Stored data entries:
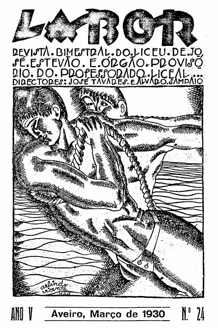 Fama desse talento indubitavelmente ficou no espírito de seus professores e, prova disso, é a capa da LABOR, «revista bimestral do Liceu de José Estêvão e órgão provisório do professorado liceal...», na sua edição de Março de 1930, com o n.º 24, dirigida pelos saudosos professores José Tavares e Álvaro Sampaio. Essa capa reproduz um desenho de Arlindo Vicente, de excelente factura, datado de l929, com dois homens em vigoroso esforço de sirga.
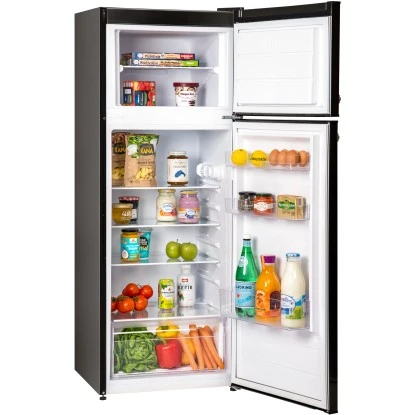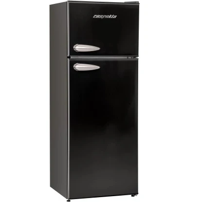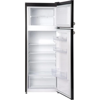 Die Respekta Kühl-/Gefrierkombination KS144 Vintage VC in Schwarz überzeugt vor allem durch ihre Funktionalität. Das Gerät besitzt neben einem Kühlinhalt von 171 Litern einen Nutzinhalt des Gefrierfachs von 42 Litern. Somit finden nicht nur Ihre frischen Lebensmittel und Getränke genügend Platz, sondern auch Vorräte, die tiefgefroren sind. Zusätzlicher Komfort wird durch verstellbare Füße, einen Türanschlag, LED-Beleuchtung im Kühlraum oder auch dem automatischen Abtauverfahren im Kühlteil erreicht.
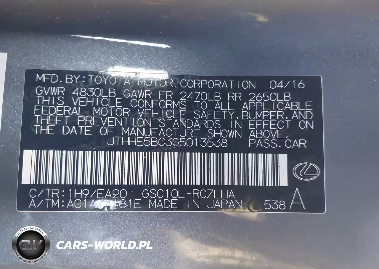 IAAI Nr: I-44092290 VIN: JTHHE5BC3G5013538 Port: Los Angeles, CA
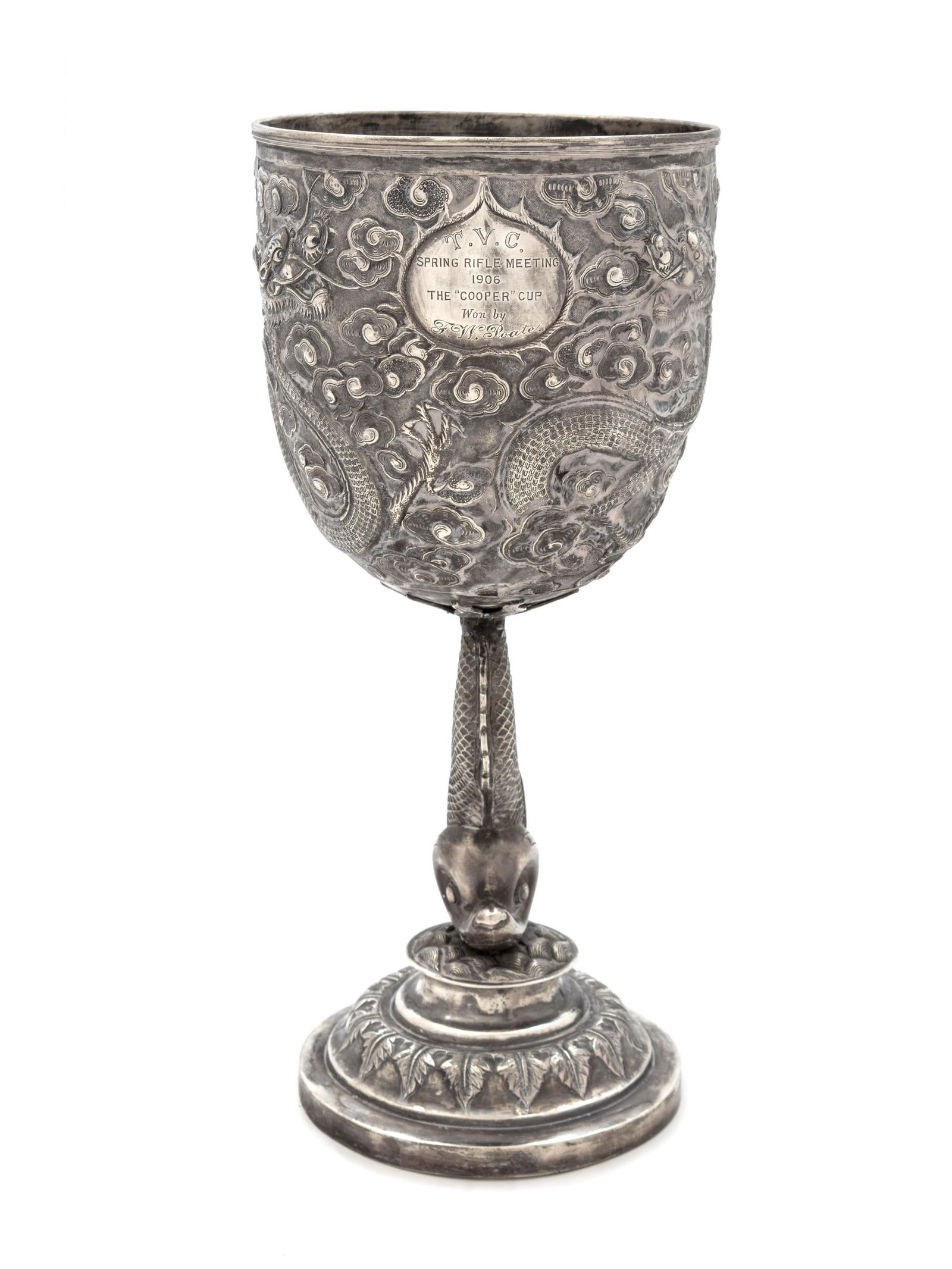 A Chinese Export Silver "Cooper" Trophy Cup Height 10
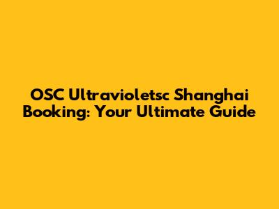 OSC Ultravioletsc Shanghai: Your Guide To Booking

TASK DESCRIPTION
Retype the records exactly. Any image in them should not appear in what you write.

SOLVED EXERCISE
 Fama desse talento indubitavelmente ficou no espírito de seus professores e, prova disso, é a capa da LABOR, «revista bimestral do Liceu de José Estêvão e órgão provisório do professorado liceal...», na sua edição de Março de 1930, com o n.º 24, dirigida pelos saudosos professores José Tavares e Álvaro Sampaio. Essa capa reproduz um desenho de Arlindo Vicente, de excelente factura, datado de l929, com dois homens em vigoroso esforço de sirga.
 Die Respekta Kühl-/Gefrierkombination KS144 Vintage VC in Schwarz überzeugt vor allem durch ihre Funktionalität. Das Gerät besitzt neben einem Kühlinhalt von 171 Litern einen Nutzinhalt des Gefrierfachs von 42 Litern. Somit finden nicht nur Ihre frischen Lebensmittel und Getränke genügend Platz, sondern auch Vorräte, die tiefgefroren sind. Zusätzlicher Komfort wird durch verstellbare Füße, einen Türanschlag, LED-Beleuchtung im Kühlraum oder auch dem automatischen Abtauverfahren im Kühlteil erreicht.
 IAAI Nr: I-44092290 VIN: JTHHE5BC3G5013538 Port: Los Angeles, CA
 A Chinese Export Silver "Cooper" Trophy Cup Height 10
 OSC Ultravioletsc Shanghai: Your Guide To Booking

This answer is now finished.